## Recorded information
○ ○ ○

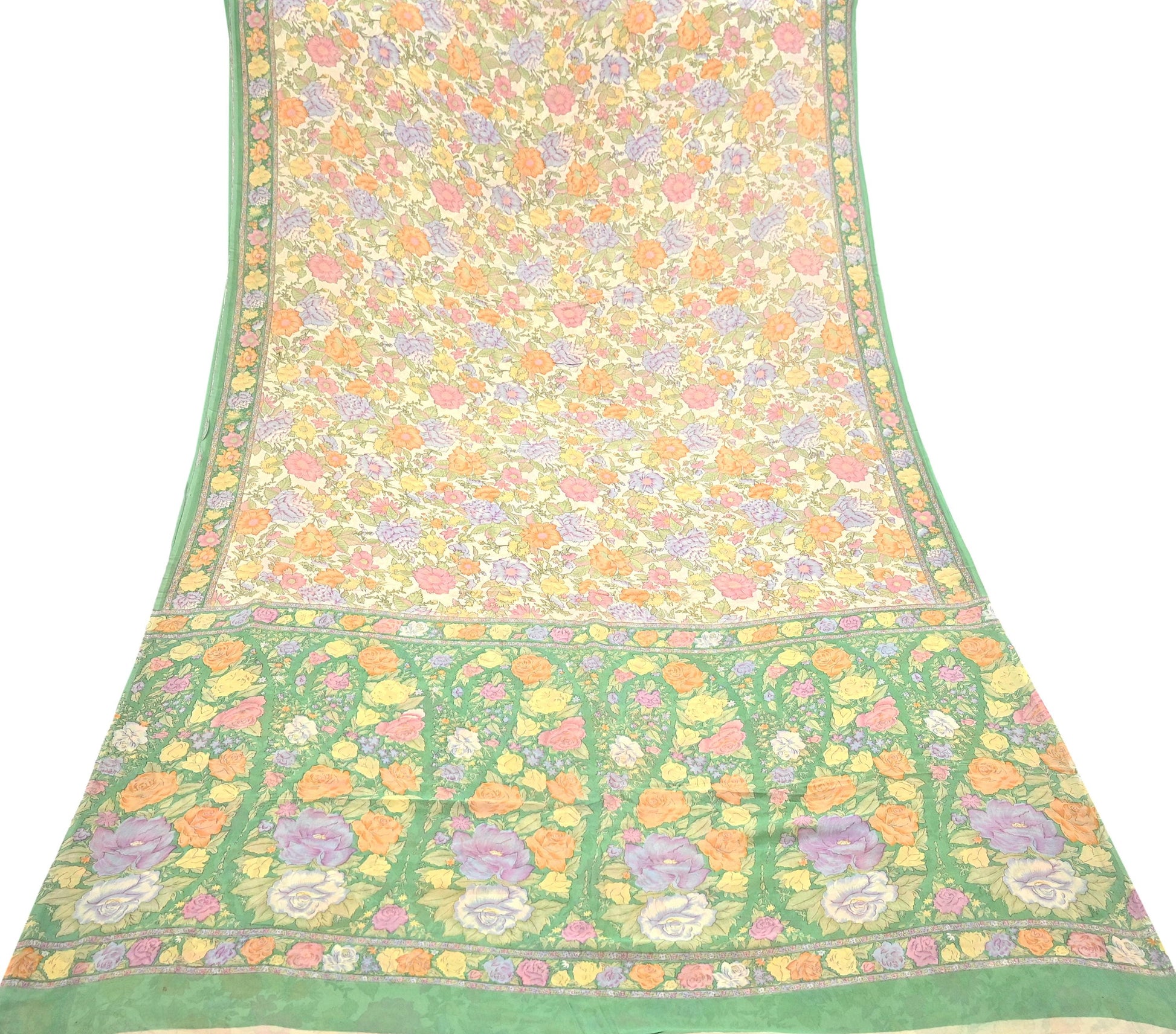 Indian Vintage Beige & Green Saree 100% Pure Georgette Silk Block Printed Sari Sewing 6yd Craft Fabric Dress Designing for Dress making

○ ○ ○

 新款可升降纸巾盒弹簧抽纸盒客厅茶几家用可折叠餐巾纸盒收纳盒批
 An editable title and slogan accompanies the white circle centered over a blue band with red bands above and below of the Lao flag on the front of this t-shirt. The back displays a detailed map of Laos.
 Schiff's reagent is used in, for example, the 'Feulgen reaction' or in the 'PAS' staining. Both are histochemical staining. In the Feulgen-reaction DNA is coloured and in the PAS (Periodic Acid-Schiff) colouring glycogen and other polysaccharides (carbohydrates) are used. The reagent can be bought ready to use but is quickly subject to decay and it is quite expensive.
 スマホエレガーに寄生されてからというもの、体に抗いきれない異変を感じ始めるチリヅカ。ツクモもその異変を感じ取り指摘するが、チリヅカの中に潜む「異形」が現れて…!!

○ ○ ○

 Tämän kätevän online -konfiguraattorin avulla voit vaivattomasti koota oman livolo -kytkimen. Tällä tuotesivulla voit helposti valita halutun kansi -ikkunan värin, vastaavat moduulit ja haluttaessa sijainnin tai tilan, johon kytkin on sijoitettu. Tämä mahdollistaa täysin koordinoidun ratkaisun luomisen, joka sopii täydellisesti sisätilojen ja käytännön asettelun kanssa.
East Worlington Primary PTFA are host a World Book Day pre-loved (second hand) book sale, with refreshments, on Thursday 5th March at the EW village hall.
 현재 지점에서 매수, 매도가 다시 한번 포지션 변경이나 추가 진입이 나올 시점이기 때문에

○ ○ ○

## What you should do
Everything above from the line containing "An editable title" down to the line containing "スマホエレガーに寄生されてか" should be copied exactly, both end lines included, and nothing else.

## Reply
 An editable title and slogan accompanies the white circle centered over a blue band with red bands above and below of the Lao flag on the front of this t-shirt. The back displays a detailed map of Laos.
 Schiff's reagent is used in, for example, the 'Feulgen reaction' or in the 'PAS' staining. Both are histochemical staining. In the Feulgen-reaction DNA is coloured and in the PAS (Periodic Acid-Schiff) colouring glycogen and other polysaccharides (carbohydrates) are used. The reagent can be bought ready to use but is quickly subject to decay and it is quite expensive.
 スマホエレガーに寄生されてからというもの、体に抗いきれない異変を感じ始めるチリヅカ。ツクモもその異変を感じ取り指摘するが、チリヅカの中に潜む「異形」が現れて…!!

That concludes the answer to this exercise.